───── DATA UNDER STUDY
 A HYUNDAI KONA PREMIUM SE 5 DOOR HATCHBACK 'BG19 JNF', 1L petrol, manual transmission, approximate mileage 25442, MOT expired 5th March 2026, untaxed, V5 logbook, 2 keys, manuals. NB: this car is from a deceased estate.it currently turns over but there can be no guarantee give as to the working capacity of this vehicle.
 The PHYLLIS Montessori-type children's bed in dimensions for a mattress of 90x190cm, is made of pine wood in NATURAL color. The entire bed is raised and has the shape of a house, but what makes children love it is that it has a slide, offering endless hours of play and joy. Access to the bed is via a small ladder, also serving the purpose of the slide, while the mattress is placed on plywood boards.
──────────
───── DATA UNDER STUDY
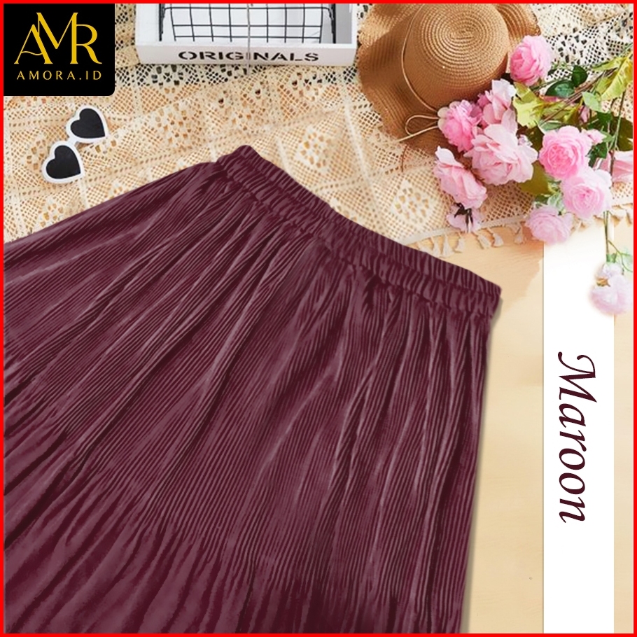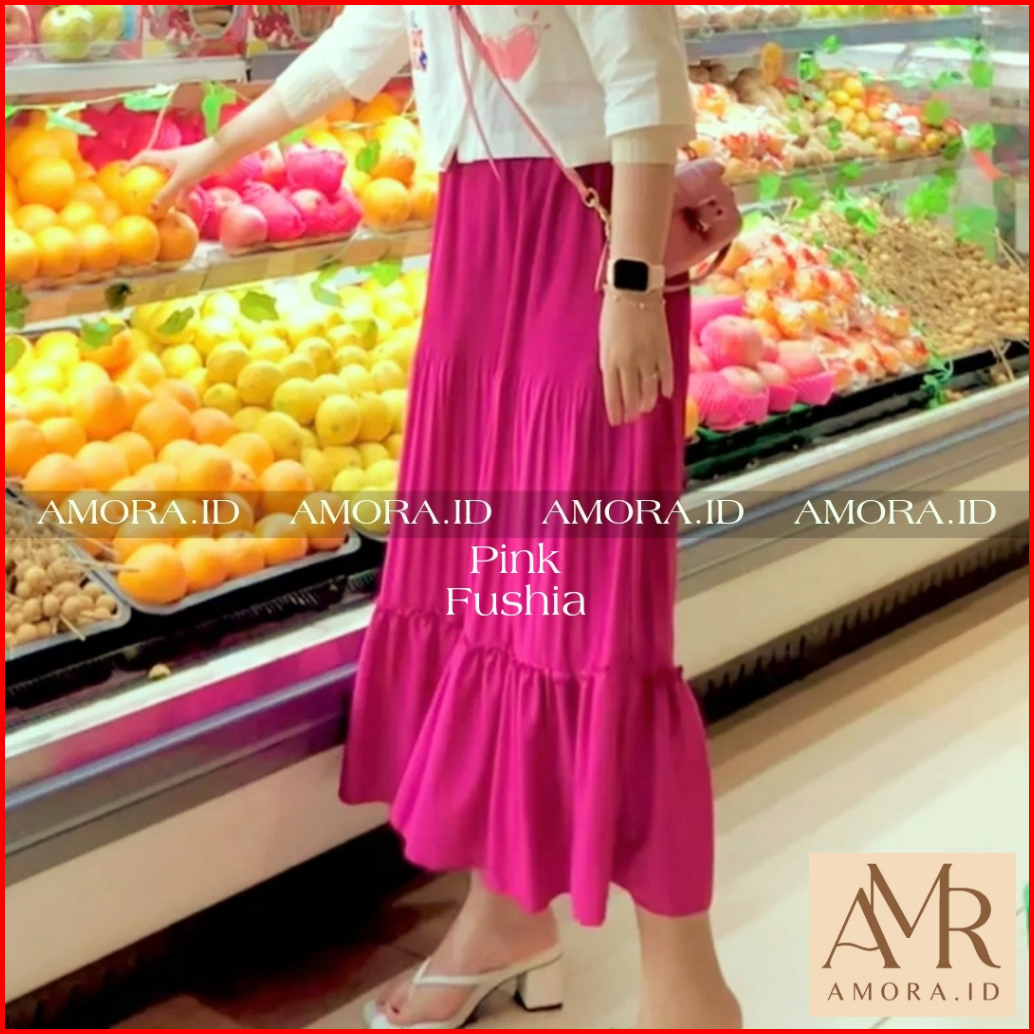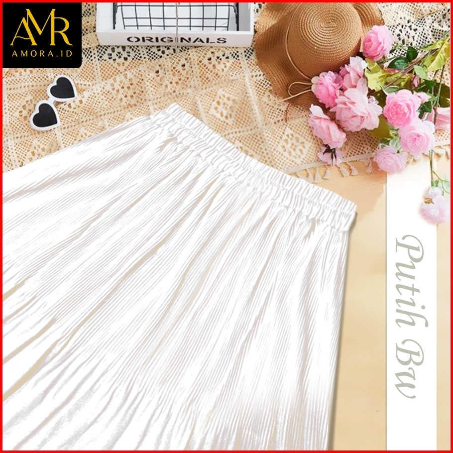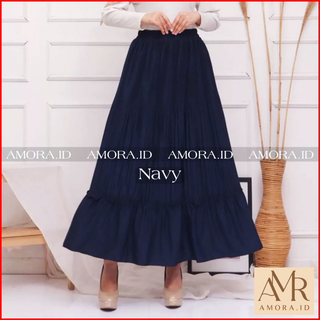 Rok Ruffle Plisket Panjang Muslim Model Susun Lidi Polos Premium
──────────
▶ [EXERCISE GOAL] Beginning with the line containing "A HYUNDAI KONA" in the material above, copy every line exactly until you have copied the line containing "The PHYLLIS Montessori-type".

▶ [EXERCISE ANSWER]
 A HYUNDAI KONA PREMIUM SE 5 DOOR HATCHBACK 'BG19 JNF', 1L petrol, manual transmission, approximate mileage 25442, MOT expired 5th March 2026, untaxed, V5 logbook, 2 keys, manuals. NB: this car is from a deceased estate.it currently turns over but there can be no guarantee give as to the working capacity of this vehicle.
 The PHYLLIS Montessori-type children's bed in dimensions for a mattress of 90x190cm, is made of pine wood in NATURAL color. The entire bed is raised and has the shape of a house, but what makes children love it is that it has a slide, offering endless hours of play and joy. Access to the bed is via a small ladder, also serving the purpose of the slide, while the mattress is placed on plywood boards.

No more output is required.